India’s Oil Strategy is mainly dependent on the Oil Needs of the country. India depends on imports to meet 80% of its oil needs largely from OPEC’s production. India’s energy import bill is close to 150 billion dollars and may double by 2030. According to International Energy Agency, India’s demand for oil is also expected to expand to 10 million barrels per day by 2040 that means India may become the fastest growing crude oil consumers in the world in the next 23 years.
India’s Oil Strategy| Background
It was in 2003 that India started development on a strategic crude oil reserve. Later Indian Strategic Petroleum Reserves Ltd (ISPRL) to serve as the controlling government agency for the strategic reserve. It has facilities located at Mangalore, Padur and Visakhapatnam (total capacity of nearly 5.3MMT). These are the natural cavern or concrete tanks. Crude oil from the reserves are to be released by an empowered committee constituted by the government, in the event of any supply disruptions from abroad.

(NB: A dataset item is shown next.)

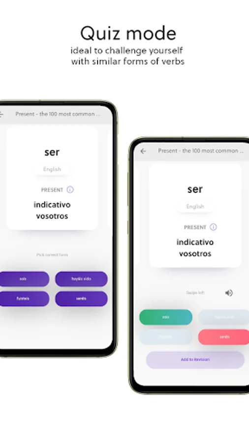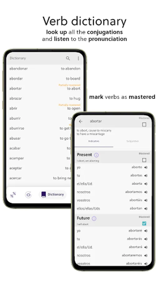 Our Spanish Verb Trainer app makes the process of learning and revising Spanish conjugations easy and pleasant. The app uses all the 16 Spanish tenses. You can specifically select the verbs you want to study (for a coming exam, for travelling etc).

India’s Oil Strategy | Government initiatives
- Development of small oil and gas field is crucial for Prime Minister Narendra Modi’s plan to reduce oil imports by as much as 10% by 2022 and thereby, making further reduction of such imports to half by 2030.
- The Union Cabinet has approved awarding 31 newly discovered small oil and gas fields in its first auction in 6 years. The idea is to entrust more of these blocks to new entrants in order to boost local production.
- According to the Director General of hydrocarbons, the awarded blocks will boost India’s oil output by as much as 15000 barrels of oil per day and gas production by 2 million standard cubic metres a day.
- During his budget speech this year, the Finance Minister said that the Government wants to create an integrated public sector oil major as part of the PSE reforms in order to match the performance of international and domestic private sector oil and gas companies. The merger if done will make it a bigger and broader asset base. This will attract more investment. It will give the oil sector the financial muscle to take up huge capacities of drilling and storage which is very important as India has very little storage capacity. Piping capacities within the country is also less. This will also help to curb the oil volatility in terms of pricing and availability. ONGC is a producer, MRPL is a refiner, HPCL has good marketing strategies therefore, if they are merged together, there will be an integrated supply chain. Companies functioning in bits and pieces will not be able to compete globally
India’s Oil Strategy | Focus on two issues
- Issue of Energy Security – China’s domestic demand may grow by 0.4 million barrels a day this year and by 0.2 to 0.3 million barrels a day next year. Therefore, China on one hand has taken advantage of the fall in international oil prices and went ahead with the massive stock piling plan, India on the other hand has not done much to improve its oil storage capacity due to political indifference. US also invested hugely in oil resources. Since India buys oil from international market at the last minute at the time of crisis, it further adds to volatility in prices. Tank farms for storage of oil near ports might be beneficial because it will lead to quick storage and will not take years to create those storages. A good connectivity to major consuming centres through pipelines is also required for both strategic and commercial storage.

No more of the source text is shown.